About a month ago I met one of my friends through Twitter. We met up for coffee a couple times and had some great conversations. An advocate for community & intentional relationships, part of his job is to communicate the vision for Thinking Cup. A coffee shop in Boston that may not have WiFi but provides the best coffee and atmosphere to cultivate conversation. In one of our lengthy discussions about community in the digital age, he introduced me to a magazine called "Kinfolk"
I searched and found the magazine online and purchased the fifth volume. I didn't look twice at the cost after I explored the website. The design alone made me assume the volume was well worth $24. Very simple, clean, and beautiful.
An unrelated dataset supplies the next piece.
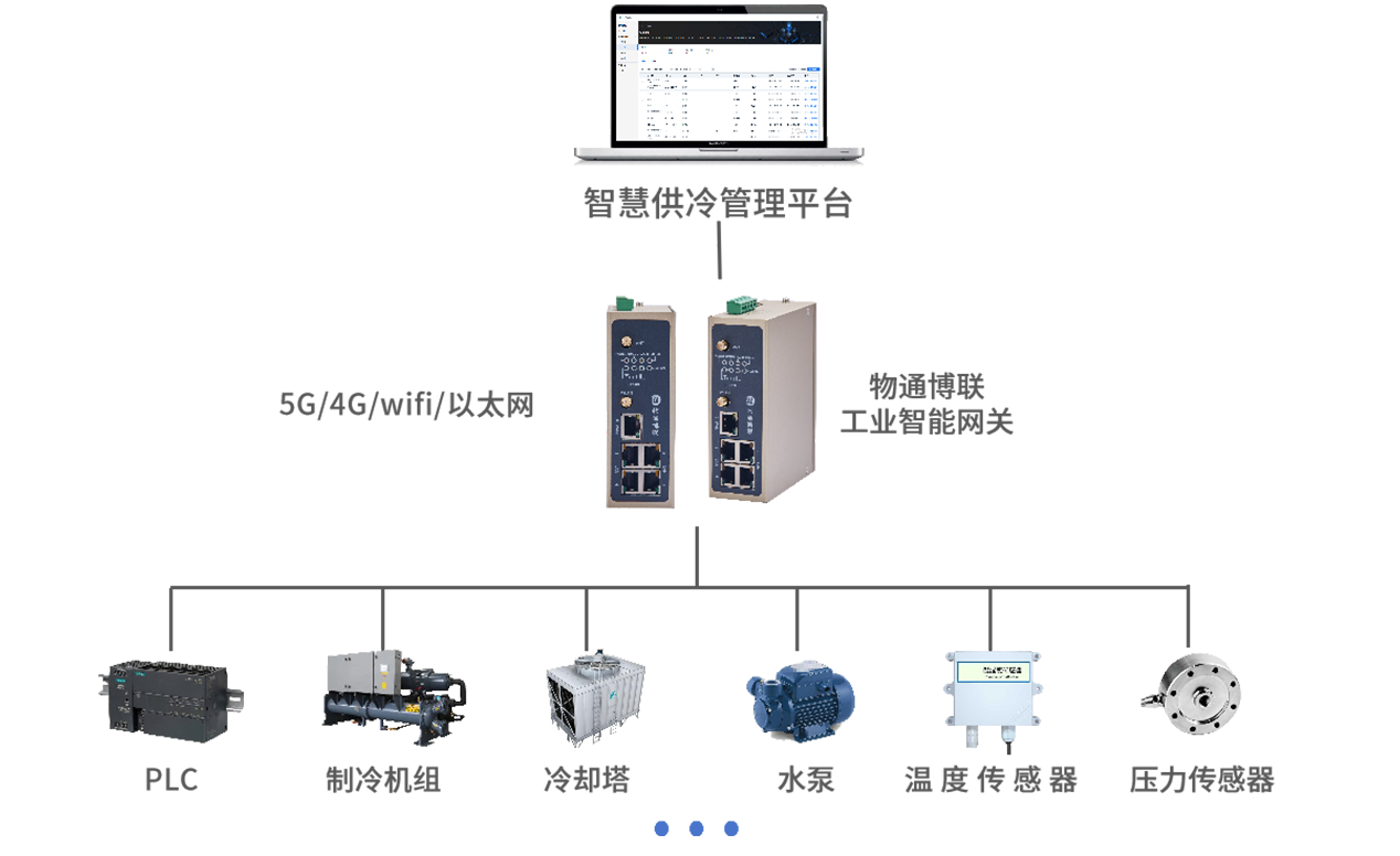借助物通博聯(lián)的工業(yè)智能網(wǎng)關(guān),實時采集供冷系統(tǒng)中制冷機組、冷卻塔、水泵等設(shè)備的運行數(shù)據(jù),包括溫度、壓力、流量、功率等。同時,采集室內(nèi)外環(huán)境溫度、濕度以及不同區(qū)域的冷量需求數(shù)據(jù)。將采集到的數(shù)據(jù)傳輸至智慧供冷管理平臺,平臺通過數(shù)據(jù)分析和算法模型,預(yù)測不同時間段和區(qū)域的冷量需求,優(yōu)化設(shè)備運行參數(shù),實現(xiàn)設(shè)備的智能控制。當(dāng)設(shè)備出現(xiàn)異常或可能發(fā)生故障時,及時發(fā)出預(yù)警并提供故障診斷和處理建議。此外,平臺還具備能耗成本核算功能,為用戶提供詳細的能耗報告和成本分析,以便進行成本控制和節(jié)能決策。
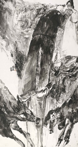 庞璐 夜半逾城(二)纸本水墨 246×124cm 2016

It made me become curious, so I made the purchase it without reading anything else about it.
It arrived very unexpectedly today, which was a nice surprise. I opened it up to find 144 pages of beauty. Offset-printed, perfect bound, full color on uncoated paper, printed in the USA. I knew it wasn't something I could just flip through, so I set a plate of cookies & a glass of milk, grabbed my blanket and got comfortable.
WHAT IS KINFOLK
"Kinfolk caters to a growing readership of young artists and food enthusiasts by focusing on simple ways to spend time together.
Each issue combines lyrical essays, recipes, interviews, personal stories and practical tips with a keen attention to design and details. Readers look to Kinfolk as a trusted resource for both enticing and meaningful activities - whether it's a new cooking skill, road trip route, or camping guide, Kinfolk is a blueprint for a balanced, intentional lifestyle."
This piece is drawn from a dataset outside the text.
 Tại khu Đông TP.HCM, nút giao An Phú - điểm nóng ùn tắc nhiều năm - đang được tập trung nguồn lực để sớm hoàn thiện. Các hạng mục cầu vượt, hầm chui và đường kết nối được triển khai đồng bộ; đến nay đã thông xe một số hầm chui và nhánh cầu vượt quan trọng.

In an age where everyone tweets about their activities, there is a greater need to appreciate being present in everyday life. Nowhere in Kinfolk do you read about new apps, television shows, or innovative websites. Everything involves human interaction, simply pure community. As someone who wants to pursue social media marketing, this blog post may seem ironic, but I am and have always been very intentional about being present with those in my life. Creating and enjoying experiences worth remembering and not just instagramming. The arrival of this magazine was very timely, and in my opinion I think a lot of people need these words and ideas in their life.
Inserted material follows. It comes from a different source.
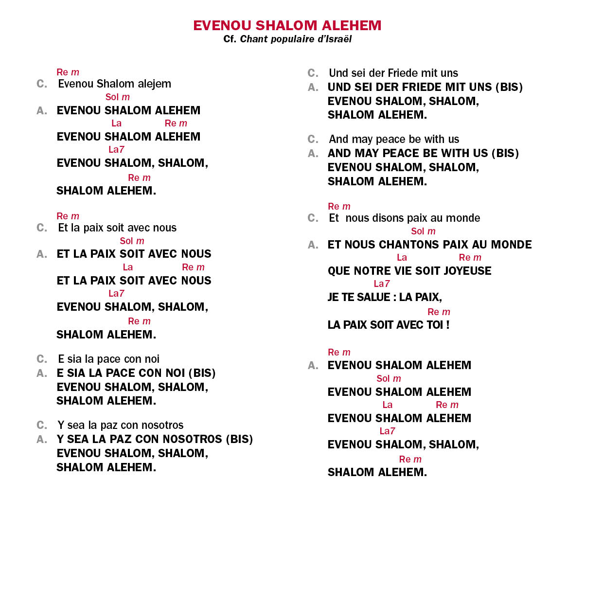 Evenou shalom alehem
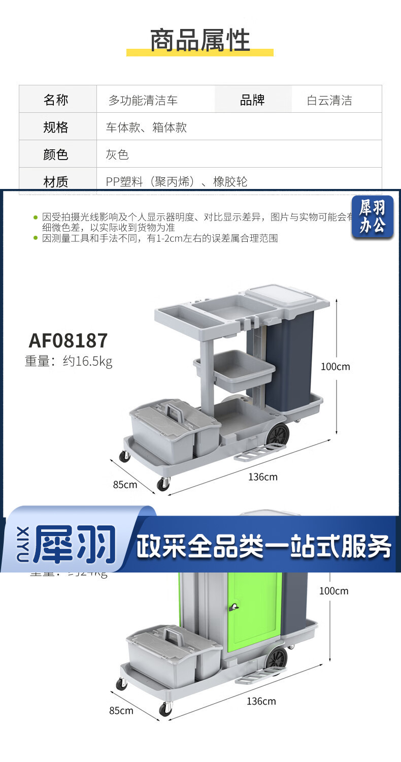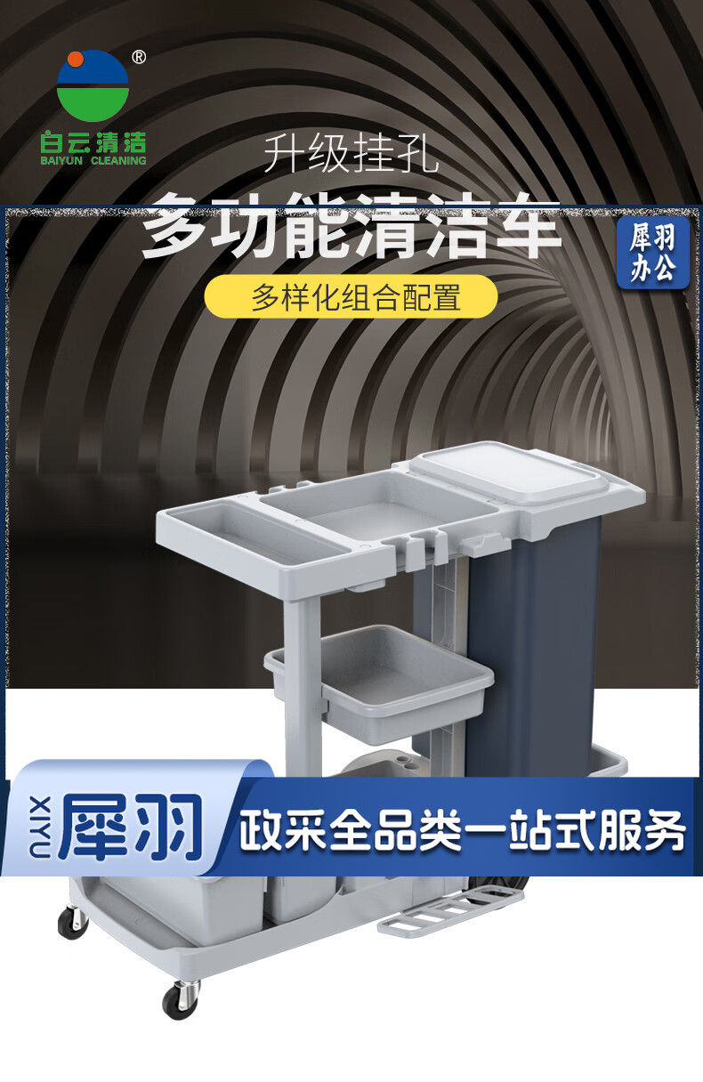 白云清洁 AF08187 酒店客房多功能手推车布草车保洁工作车清洁车服务车 136*85*100CM

We weren't built to stare at a screen for 12 hours a day. I believe this year print will make a comeback and bring intimacy into more friendships and relationships. For example, Rifle Paper Co. is proving that the age of "Ecards" and "Facebook Birthday Posts" is coming to an end. Handwritten notes, cards, and letters are becoming popular again. Time repeats itself, as we've seen fashion, now we see with communication. There's a reason people hunt for vintage record players, typewriters, and tea sets. We want to be immersed in the past just as technology grows.
Intimacy is not solely defined by romance, but by a close, familiar, and loving personal relationship with another person or group. Social media seems to drive people away from this. People depend on Facebook and Twitter to keep up with their friends and family, but forget the value of a phone call or a lunch date. With more apps & platforms comes a greater challenge to create balance with your "digital" and "real" life. I think (and hope) that print will be one medium that will be a helpful tool for people to learn and create a balance, and to learn the value in community more than ever before3.